Due to growing urbanization, fragmentation of freight flows, and increasingly strict delivery conditions, cities around the world have to deal with a vastly increasing number of freight transport flows. Carriers are unable to efficiently bundle these flows, resulting in inefficient urban transport. This inefficiency contributes to negative environmental effects such as hazardous emissions, traffic jams, and noise hindrance, which reduce the quality of life in urban area.
A natural solution to improve the efficiency of urban distribution is to consolidate freight flows, such that truck capacity may be better utilized and less trucks are needed. However, this solution requires far-reaching cooperation and coordination between independent and often competing stakeholders such as carriers, receivers, and the municipality. In practice, many initiatives fail in providing proper incentives to the involved stakeholders.

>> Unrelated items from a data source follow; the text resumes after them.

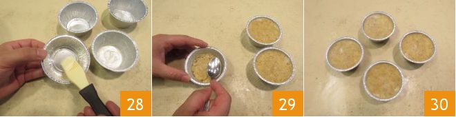 Take the disposable molds and grease them 28, then fill them with the mantis shrimp mixture 29 and level the top with the help of a spoon 30.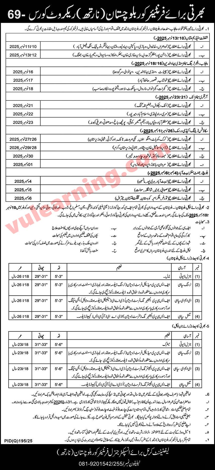 Frontier Corps FC Jobs 2025 FC Balochistan (North) Recruitment Course 69 Advertisement Job Ad shown on this page is taken from Express Newspaper on 04-11-2025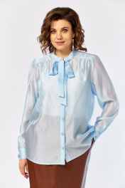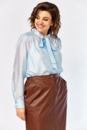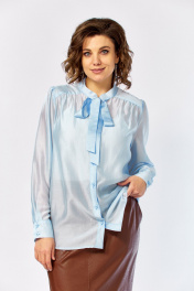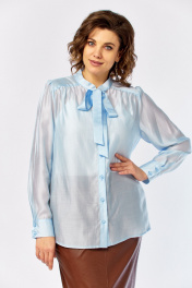 Женская блуза прямого силуэта, выполнена из блузочной ткани. По переду мягкая сборка, выходящая из отрезных кокеток.По спинке небольшая сборка по центру, выходящая из кокетки. Рукава втачные, со сборкой по окату, со складкой по низу рукава и отрезными манжетами на 2 петли и пуговицы. Воротник стойка с завязывающимся бантом. Застежка по переду на петли и пуговицы. Длина блузы: 67см. Длина рукава:63см.

The Phd-thesis by TU Twente researcher Wouter van Heeswijk contributes to the problems in urban logistics by exploring coordination and consolidation concepts. The presented research develops and applies mathematical techniques from the field of Operations Research to address planning problems of coordinating actors and to quantify the effects of urban logistics policies.
Researcher Wouter van Heeswijk presents planning tools that support Logistics Service Providers and urban consolidation centers in making dispatching and routing decisions under uncertainty. Simulation experiments show that preserving flexibility in logistics planning and anticipating future order arrivals significantly improve transport efficiency. Furthermore, he presents an agent-based simulation framework that can be used to evaluate the impact of interventions in urban logistics on individual stakeholders. The numerical results show that sustainable solutions are achieved by combining company-driven consolidation initiatives and governmental policies such as vehicle access restrictions and subsidies.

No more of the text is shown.